Et plus loin dans le livre Martha Nussbaum écrit :

« la vulnérabilité des vues humaines face à la fortune, le caractère changeant de nos circonstances et de nos passions, l’existence de conflits entre nos engagements. Pour tout cela, une œuvre philosophique, du genre le plus familier qui soit dans notre tradition, une œuvre qui délibérément ne concentre pas son attention sur les histoires de personnages concrets, peut perdre de vue tous ces faits, dans sa quête d’une plus grande systématicité et d’une plus grande pureté » (14).

« La poésie tragique peut donc donner à une enquête sur la fortune et la bonté humaine un contenu caractéristique qui pourrait être perdu si nous nous bornions à des textes philosophiques conventionnellement admis. Elle rendra cette contribution meilleure si elle est étudiée en détail dans toute sa complexité poétique. Ce contenu n’est pas séparable de son style poétique » (15)

Tout cela indique clairement que pour Martha Nussbaum la question du style n’est jamais neutre par rapport au thème traité. Si nous nous devons de continuer à valoriser les exigences de la philosophie contre la tentation de sa dissolution et sa disparition dans la littérature, pour autant, la forme littéraire paraît le plus souvent la plus adaptée au traitement des thèmes de la vulnérabilité et de la fragilité, que la philosophie à partir de Platon, a eu, pour sa part, trop tendance à négliger et à dévaloriser. Martha Nussbaum préconise ainsi, afin de résoudre cette apparente aporie, la possibilité d’ériger en modèle la tentative menée par Platon dans le Phèdre à travers la création d’un style mixte, « avec à la fois des éléments explicatifs et des éléments poétiques » ou, autre possibilité, « de prendre exemple sur Aristote et de tendre vers un style plus dépouillé, afin d’attirer l’attention sur le savoir produit par les œuvres poétiques existantes » (16) :

« Mon écriture, donc, restera toujours liée aux faculté critique, à la clarté et à l’argumentation serrée. Elle rendra explicite de nombreuses connexions qui demeurent implicites dans les poèmes. Mais j’essaie aussi de traiter les images tragiques (et platoniciennes), et les situations dramatiques d’une manière telle que le lecteur non seulement pensera, mais sentira leur force. Si donc j’écris quelquefois « poétiquement », c’est parce que j’ai décidé qu’aucune autre manière d’écrire ne rendrait autant justice aux affirmations du texte et à la conception que je suis en train d’examiner » (17).
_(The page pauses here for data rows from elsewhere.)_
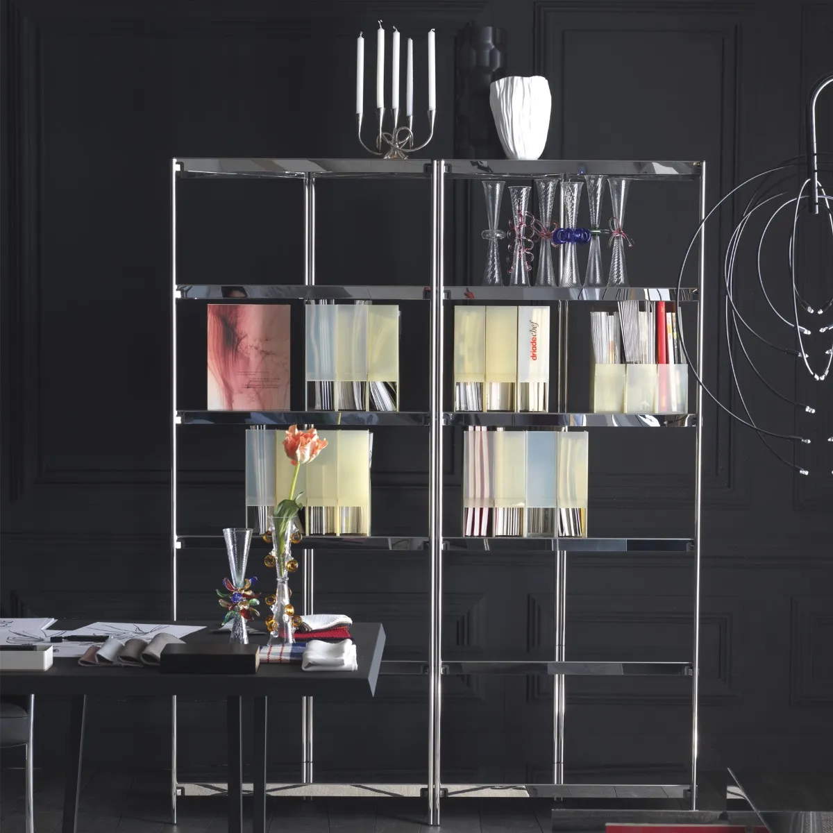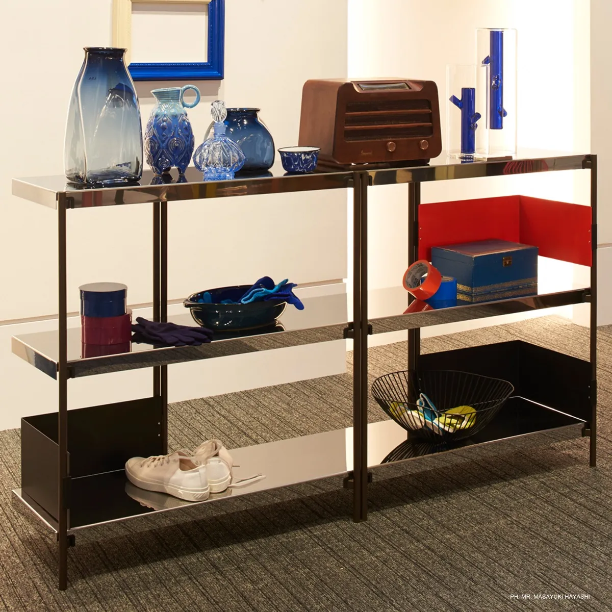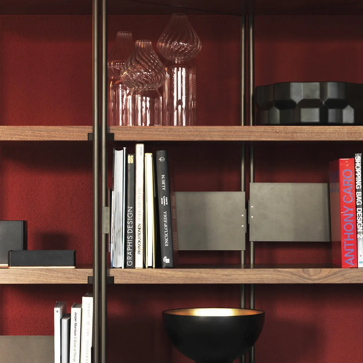 La struttura a zig-zag dello scaffale è semplice e fresca; la paletta di colori per le parti metalliche - nero, bianco, bronzo e acciaio lucido - è completata da due tipologie di ripiani in legno, in quercia e in noce americano. I fermalibri a clip sono disponibili negli stessi colori delle altre parti metalliche, oppure con la stessa finitura del legno dei ripiani. Un’ulteriore tonalità in arancio fluorescente arricchisce l’offerta dei segnalibri. Zigzag è disponibile in due diverse altezze, e si assembla senza l’aiuto di attrezzi.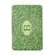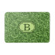 Tapis de bain moderne rétro avec un monogramme personnalisé dans un semi-abstrait, partout motif de roses et de bourgeons - mélange art numérique médiatique en chaux clair / chartreuse vert et vert pin profond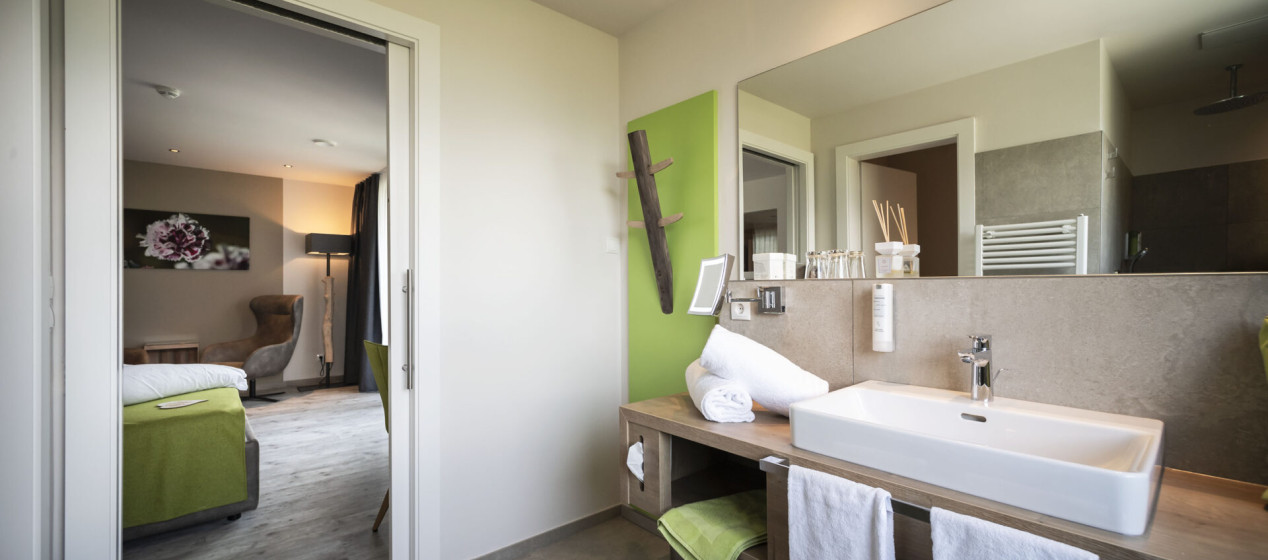 Modern und luxuriös: Zimmer mit Doppelbett und gemütlichem Sofa zum Entspannen, Panorama-Loungeecke auf dem großzügigen Südbalkon mit privatem Whirlpool, modernem Badezimmer samt Regendusche und separatem WC und Bidet (teils barrierefrei erhältlich), ausgestattet mit Klimaanlage, Kühlschrank, Tee-Set, Espressomaschine, TV, Safe, Föhn und WLAN.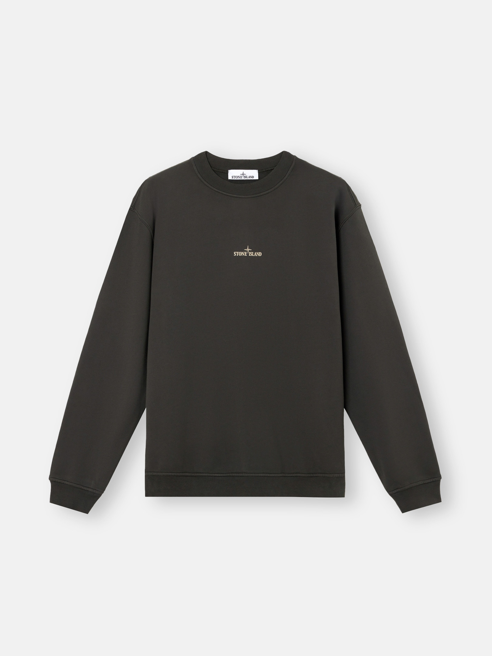 Crewneck sweatshirt in cotton fleece, featuring the Stone Island logo on the chest, a large Compass print with text on the back, and elasticated cuffs. Garment dyed. FABRIC RESEARCH AND TREATMENT Crewneck sweatshirt in cotton fleece with ‘Industrial Four’ print. Garment dyed. STYLE AND FIT Ribbed neckline. Stone Island logo print on chest. Elasticated ribbed cuffs and bottom band. On back, large print of Stone Island Compass logo and accompanying text. Oversized fit. COMPOSITION AND CARE External Fabric: 100% Cotton. Ribbing: 99% Cotton 1% Elastane / Spandex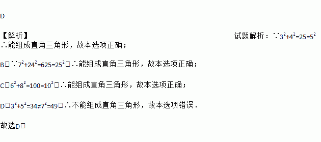 A. 3、4、5 B. 7、24、25 C. 6、8、10 D. 3、5、7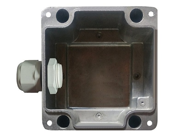Коробка коммутация; 1 кабельный ввод ПКВ20х1,5 (под кабель от 6 до 14 мм ); 90х90х62мм. Корпус из алюминиевого сплава.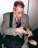 (左) ドイツ糖尿病協会のシュミット先生、インスリンポンプを見せてくれました。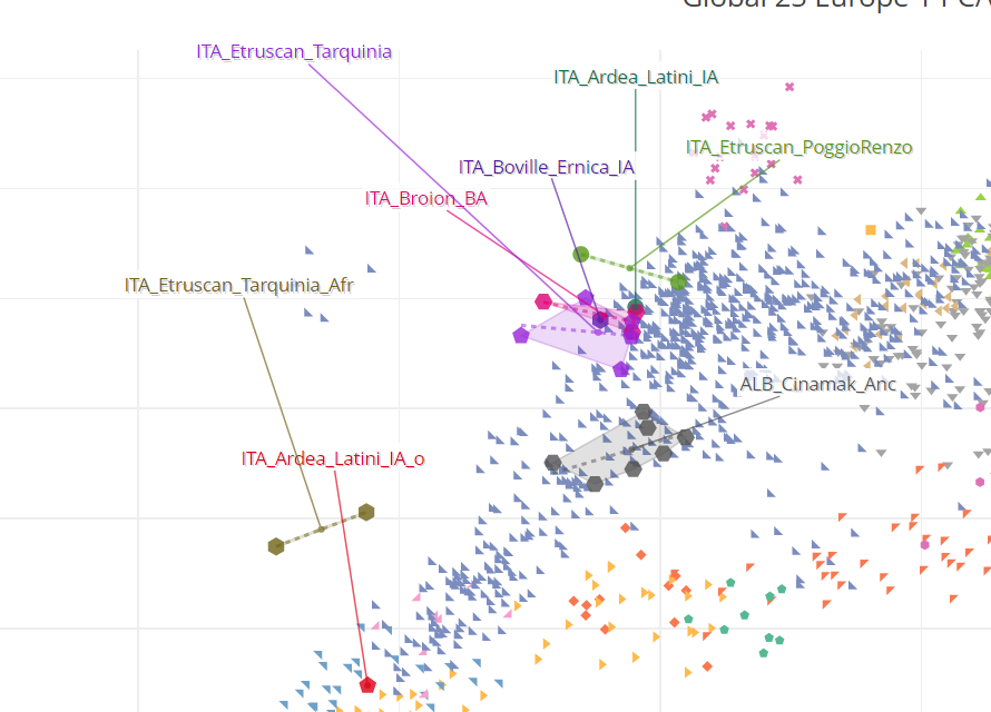 Iron Age Balkans was different from Iron Age Italy or Iberia, autosomally Iron Age Italy mainly overlapped with the Northern Balkans. Many autosomal overlaps are nothing but coincidences or due to contacts such as Liburnians, Histirans and Venetic were most likely not Illyrians. And we see Southern Europe shifts more east during Roman period. Many J2b2 and E-V13 we have from Roman period plot more East close to the modern Southern Balkan cluster (Albanian, Greek, Macedonian etc) and overlap with Eastern shifted Italians.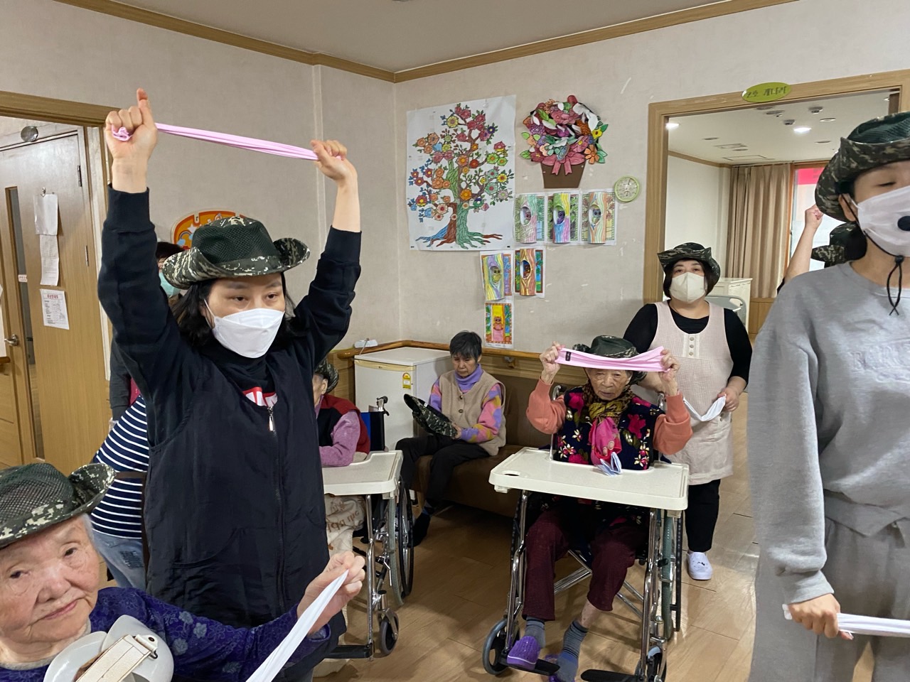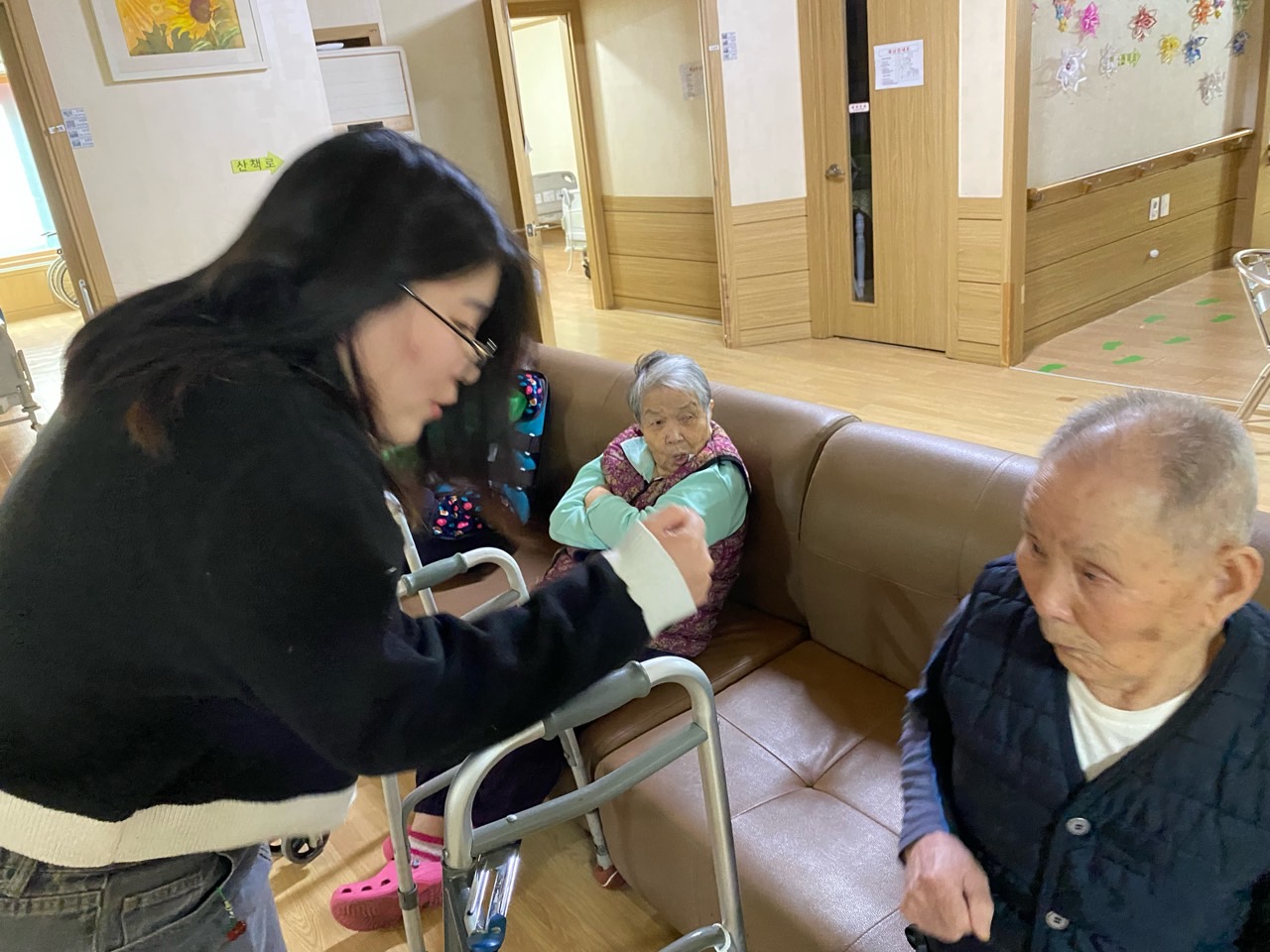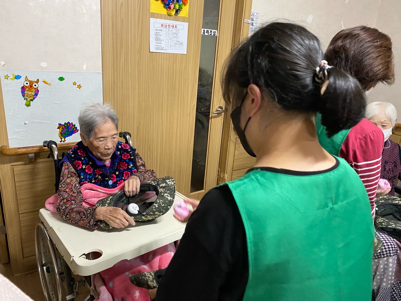 1. 어르신들의 얼굴을 물수건으로 닦아드린다.

Si donc Martha Nussbaum ne saurait préférer le style littéraire à la sécheresse de la production philosophique actuelle, la redécouverte en philosophie morale de l’importance de nos réponses émotionnelles pour la compréhension d’une question morale déterminée, engage chez Nussbaum une réflexion sur l’élaboration d’un style capable de concilier la rigueur de l’argumentation philosophique à la puissance émotionnelle de la poésie, sans laquelle la philosophie morale manquerait l’essentiel des thèmes de la vulnérabilité et de la fragilité humaines que Martha Nussbaum cherche à réhabiliter dans sa lecture de la tragédie grecque. Aussi, à cause de cette solidarité en philosophie du fond avec la forme, Martha Nussbaum dit ne pas désespérer que la philosophie puisse et doive renouer un jour avec l’exigence stylistique qui était encore celle de nos prédécesseurs philosophes, dont la plupart, comme elle le souligne, appartiennent au panthéon des « plus grands écrivains de la littérature mondiale » (18). Dans l’attente, Martha Nussbaum propose une solution intermédiaire : que nous encouragions nos étudiants-chercheurs « à lire davantage de romans et de poèmes » (19). Encouragement, dont nous comprendrons en toute fin du parcours que nous proposons le sens et l’utilité profonde pour la formation de la rationalité sociale.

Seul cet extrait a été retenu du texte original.